Ruma's father has been depicted as an independent widower with a newly found freedom to travel through Europe. When he comes to visit his daughter he is dressed in an American attire. "He was wearing a baseball cap that said Pompeii, black cotton pants and sky blue polo shirt, and a pair of white leather sneakers. She was struck by the degree to which her father resembled an American in his old age" (Lahiri 11).Although Ruma is surprised by the way her father has embraced the American lifestyle, she doesn't ask him to uphold the native Bengali cultural way of dressing. This shows that Ruma has also assimilated the American way of life. Moreover, Ruma gets to know that her father is in another relationship following her mother's death.
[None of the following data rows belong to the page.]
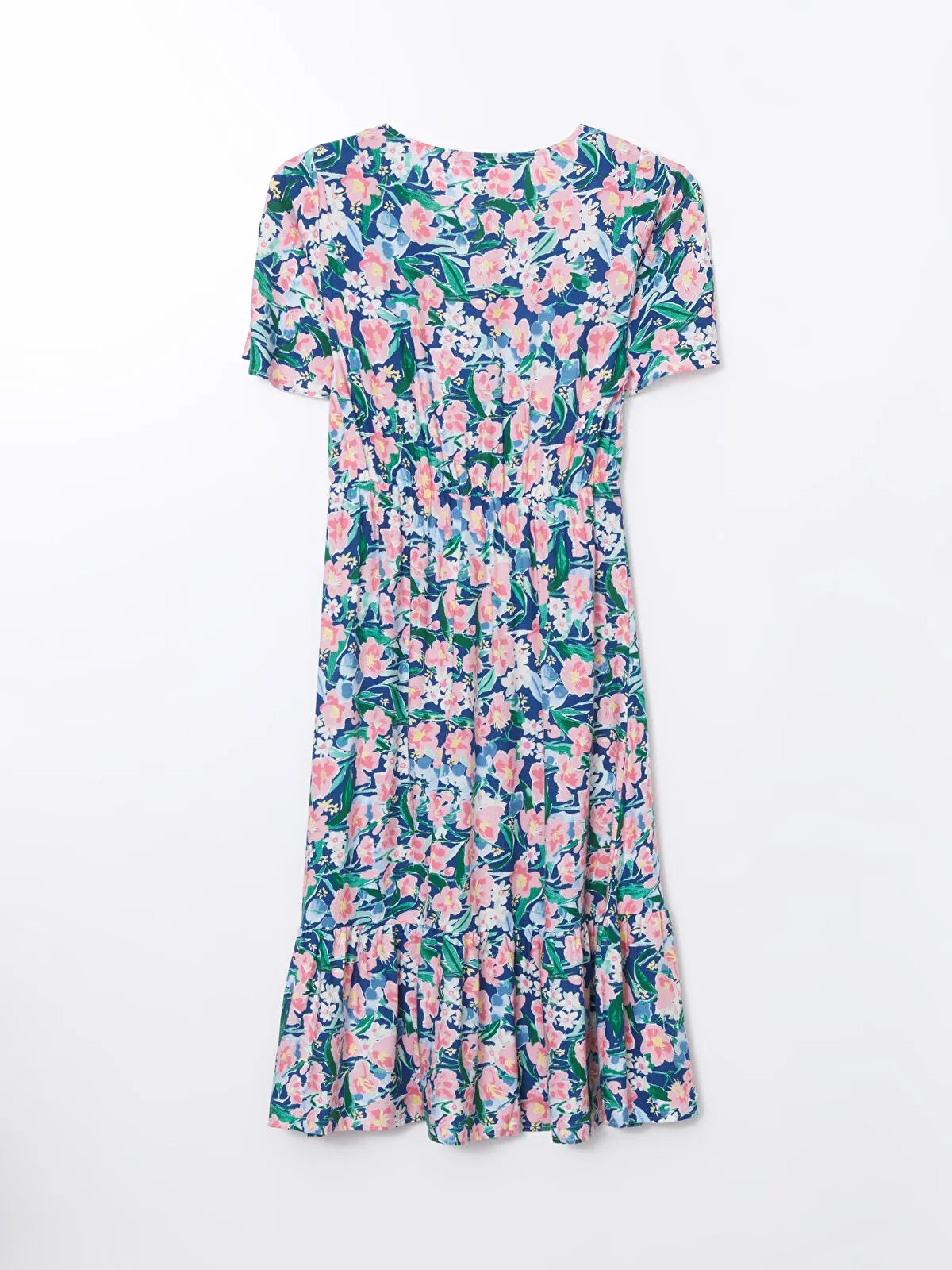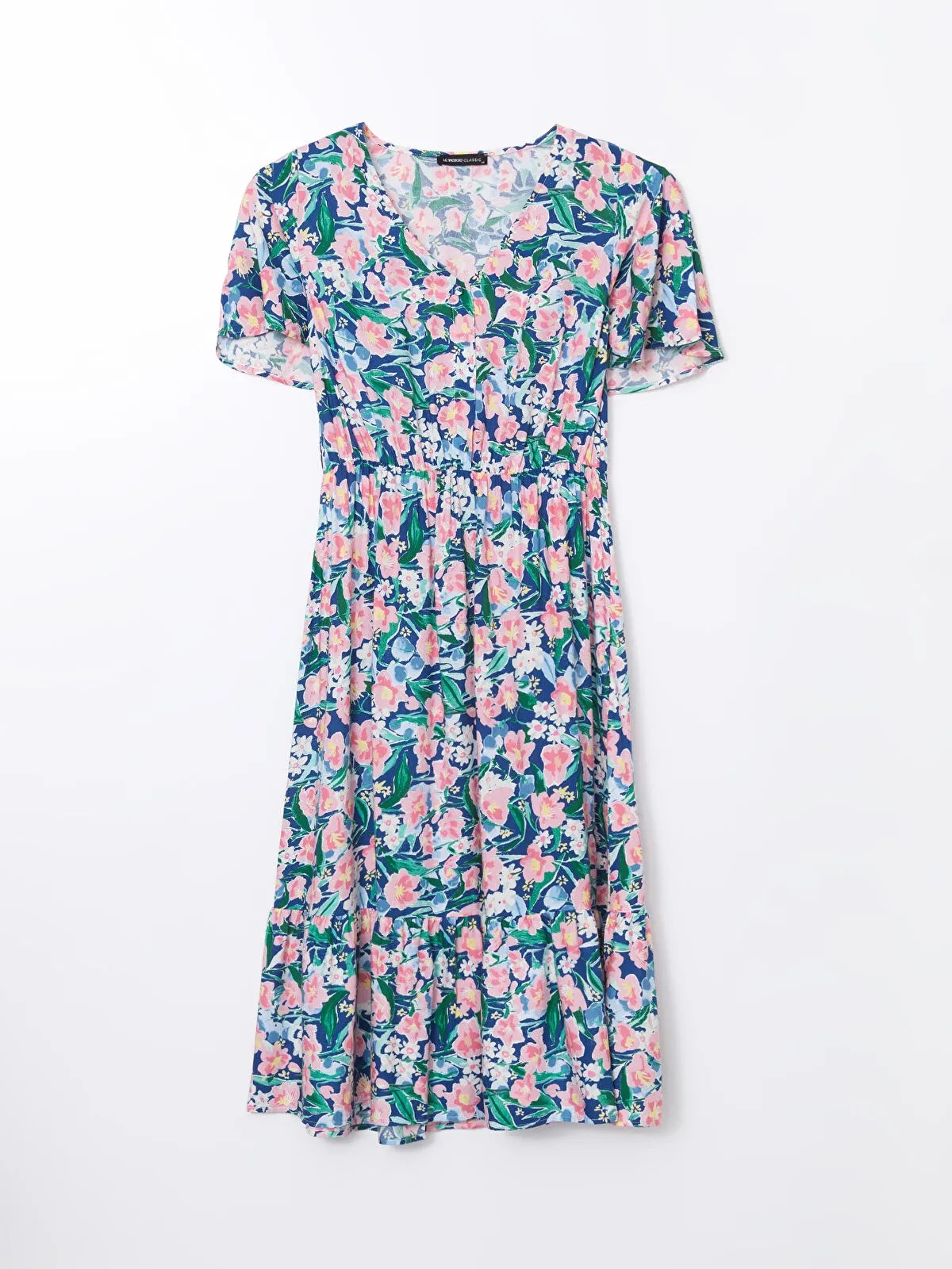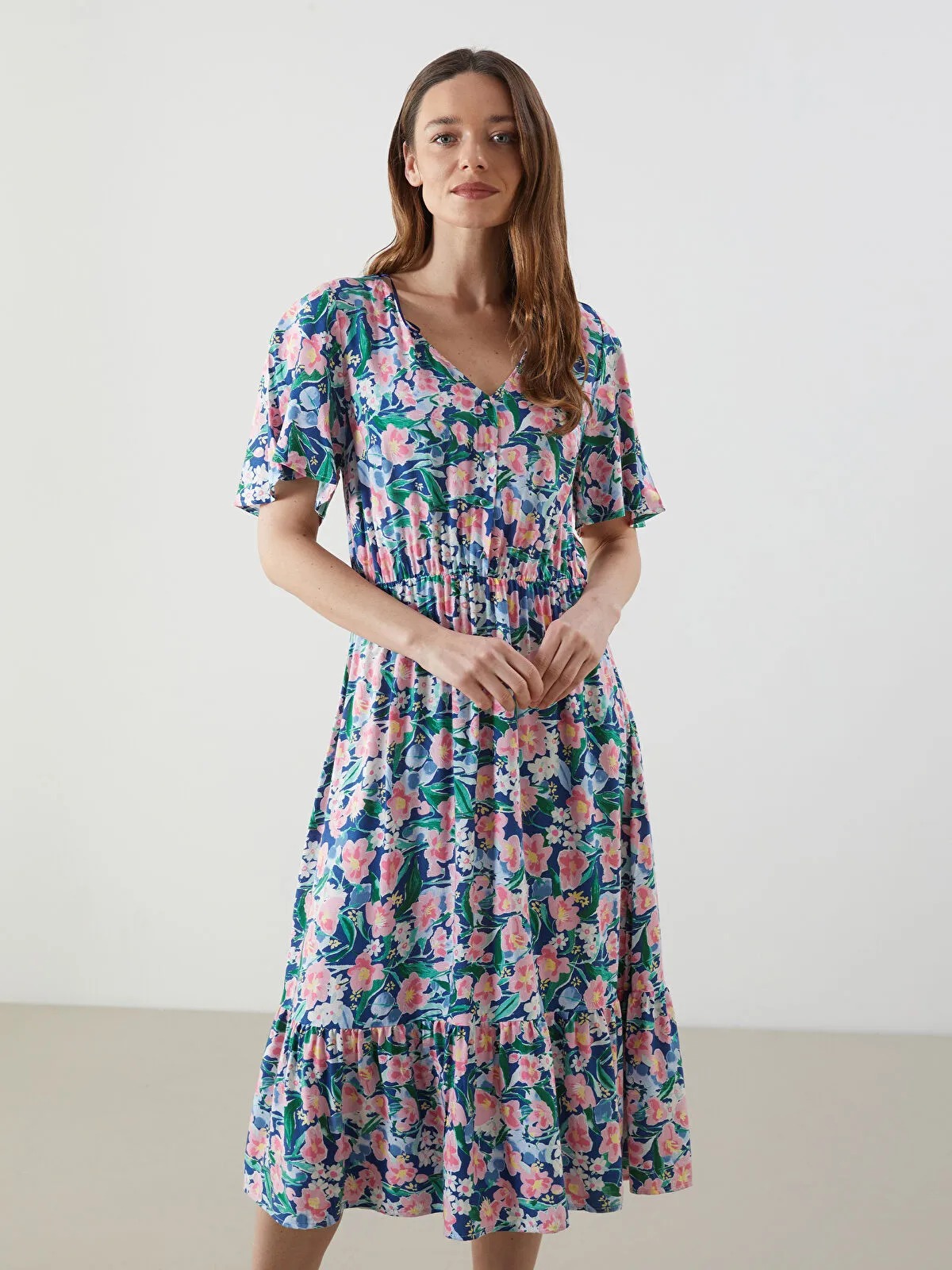 فستان زهري بطبعة زهرية مفعمة بالحيوية وتصميم بياقة V أنيق، يمنحك إطلالة نسائية راقية ومريحة تمامًا لأيام الصيف والمناسبات اليومية. القصة مريحة والتصميم عملي دون تكلف.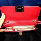 未使用でしたが、金具部分に自宅保管中についてしまった小傷が僅かにございます。お写真でご確認の上、ご納得の上でご購入お願いいたします。傷が少しでも気になる方はご購入をお控えください。お写真ですと、フラッシュや、携帯の自動補正がかかって明るく見えますが、暗めの落ち着いたレッドカラーになります。予めご理解お願いいたします。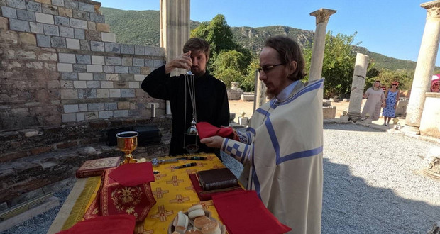 По окончании Литургии священник Георгий Сергеев обратился к верующим со словом, в котором разъяснил догматы III Вселенского Собора. Священнослужитель поблагодарил Министерство культуры и туризма Турции за разрешение на совершение богослужения в храме Пресвятой Богородицы, расположенном в городе-музее Эфес, а также председателя Русского общества культуры имени А.И. Солженицына Андрея Пономарева за помощь в организации паломничества верующих.

She isn't not bothered by her father's lifestyle since has upheld the permissive US culture.
Conclusion
Unaccustomed earth reflect the cultural identity crisis among the second generation of Bengali immigrants in US. The second generation immigrants had lost sense of their Bengali roots. Thus, most of the people had different cultural practices from their parents. The second generation immigrants had embraced the US culture in the way of dressing, food, and lifestyle. On the one hand, characters who embraced the host country's culture had a conflict with their parents. On the other hand, individuals who did not adopt the foreign culture could not be accepted easily. Therefore, the second generation was in a dilemma in most cases to make a decision to follow one culture. However, most of the second generation immigrants adopt the new land's culture which was more convenient for them. Thus, as the second generation individuals accept the American culture they face rejection from their family members leading to a cultural identity conflict.
Works Cited
Lahiri, Jhumpa. Unaccustomed earth: stories. Vintage Canada, 2010.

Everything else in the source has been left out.